> _Recorded information_
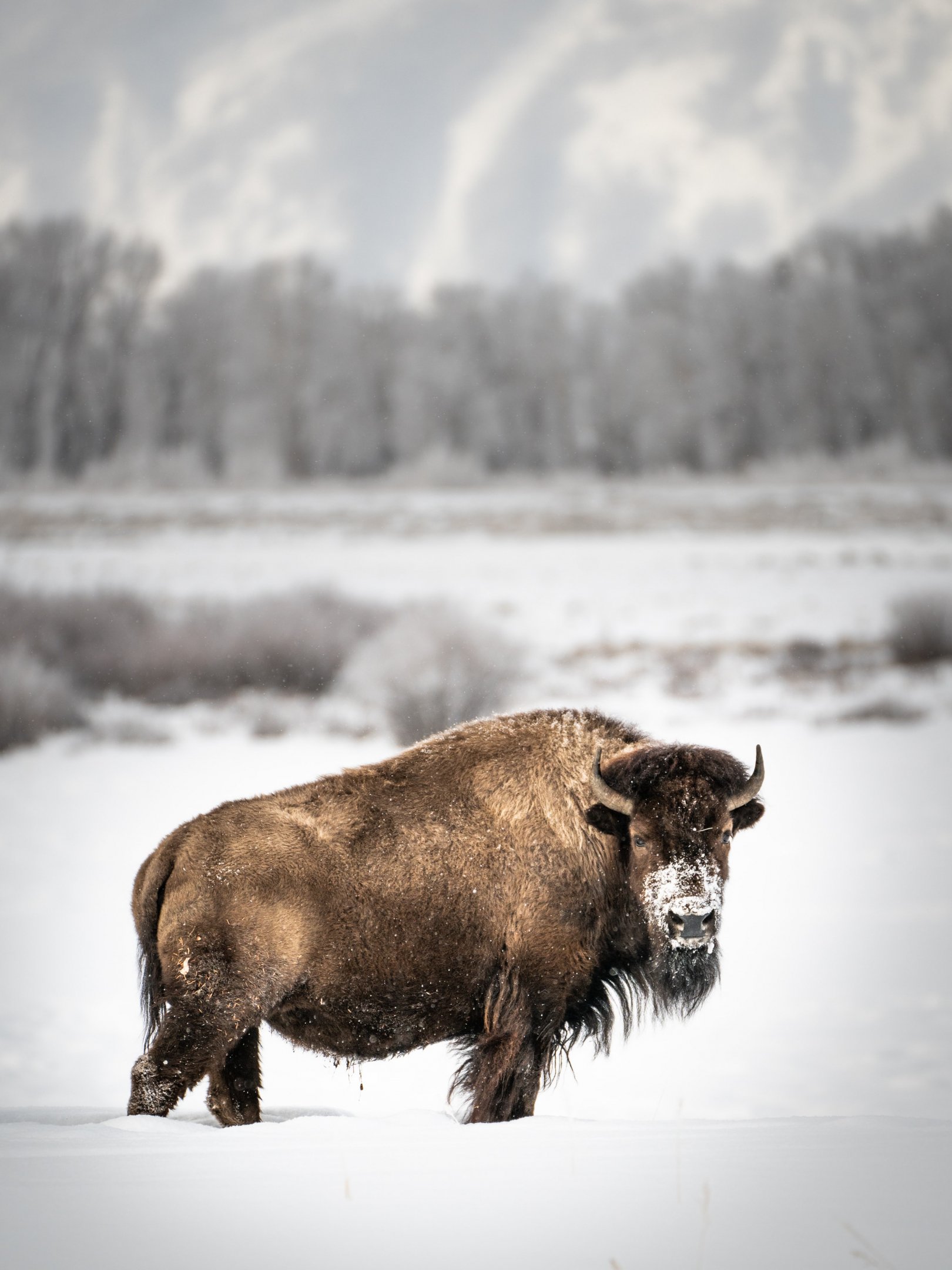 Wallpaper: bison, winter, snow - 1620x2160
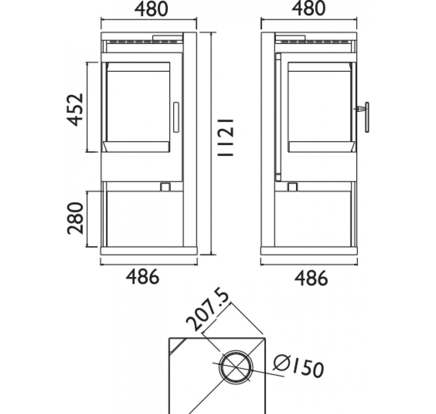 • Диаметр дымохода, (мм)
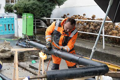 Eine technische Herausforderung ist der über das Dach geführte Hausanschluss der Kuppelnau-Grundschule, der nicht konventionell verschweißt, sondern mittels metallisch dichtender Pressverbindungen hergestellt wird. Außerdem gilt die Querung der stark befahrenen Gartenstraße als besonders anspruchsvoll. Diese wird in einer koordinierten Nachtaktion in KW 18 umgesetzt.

> _What is needed_
Give back the full listing exactly, with pictures dropped.

> _Output of the exercise_
 Wallpaper: bison, winter, snow - 1620x2160
 • Диаметр дымохода, (мм)
 Eine technische Herausforderung ist der über das Dach geführte Hausanschluss der Kuppelnau-Grundschule, der nicht konventionell verschweißt, sondern mittels metallisch dichtender Pressverbindungen hergestellt wird. Außerdem gilt die Querung der stark befahrenen Gartenstraße als besonders anspruchsvoll. Diese wird in einer koordinierten Nachtaktion in KW 18 umgesetzt.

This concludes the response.